The morning of the appointment, I put on a maternity shirt for the first (and only) time. I was so excited that I was finally showing enough to wear some of the maternity clothes I had bought. We waited in the waiting room for almost two hours before we were called back. While we waited, they brought me back to the lab for a urine sample and to take my blood pressure. The nurse noticed that my blood pressure was quite elevated and asked if I had had high blood pressure in the past. They also noticed that I had a lot of protein in my urine (which caused the orange color).
When it was finally time for our sonogram, the sonographer told me that she was going to take some initial measurements before Dr. Thigpen came in to finish the exam. Up until this point, I still was not anxious or worried that something was wrong. And then she started the sonogram. I think I realized when the sonographer worked for 15 minutes without saying a word that something wasn't right. And when I asked her if she could tell the baby's gender, she still said nothing.

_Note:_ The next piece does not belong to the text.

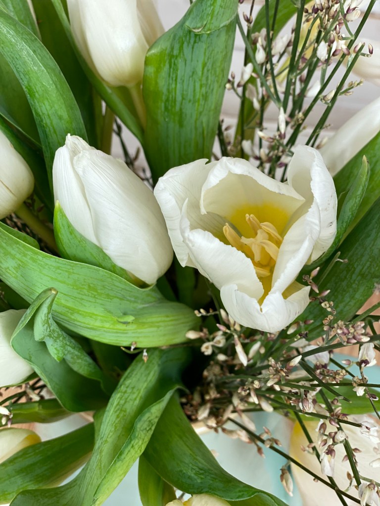 Ein wenig Eigenwillig ist die Tulpe, denn sie wächst in der Vase weiter und man kann mit der Wahl der Vase sogar die Wuchsform verändern. In hohen Vasen bleiben die Stiele gerade, während die Tulpen in kurzen Vasen sich in unterschiedliche Richtungen windet. Tulpen sind zeitlos, elegant und unkompliziert, in vielen Farben und Formen erhältlich. Jetzt verschönern Tulpen noch die Wohnung, doch ich freue mich wenn ab Ende März/Anfang April die ersten Tulpen im Garten wachsen.

She left the room without saying a word and a few minutes later, Dr. Thigpen walked in. He started his sonogram and within minutes started showing us things that didn't look right. Our baby had hydrocephalus (swelling in the brain), there was no septum formed between the chambers of the heart, and all other measurements were two weeks behind schedule. He suspected a genetic condition called triploidy but would have to do an amniocentesis to confirm what he was thinking. Cory and I had to decide right then what to do. We decided to go ahead with the procedure and within minutes I had a huge needle being stuck into my stomach. Dr. Thigpen was such a wonderful doctor. He had a great bed side manner and made us feel comfortable in the midst of our world falling apart right there in that room. He was honest but compassionate all at the same time.
The results of the amnio would not be back for several days, but Dr. Thigpen was very worried about my high blood pressure that had continued to rise during the appointment so he sent me over to the hospital for an hour of observation. During that hour, my blood pressure steadily rose to 190/120 and the swelling in my legs became so bad that Dr. Thigpen decided that we couldn't wait until the results of the amnio came back to make any decisions about the baby. He made the decision right then and there that I would be delivering our baby that day.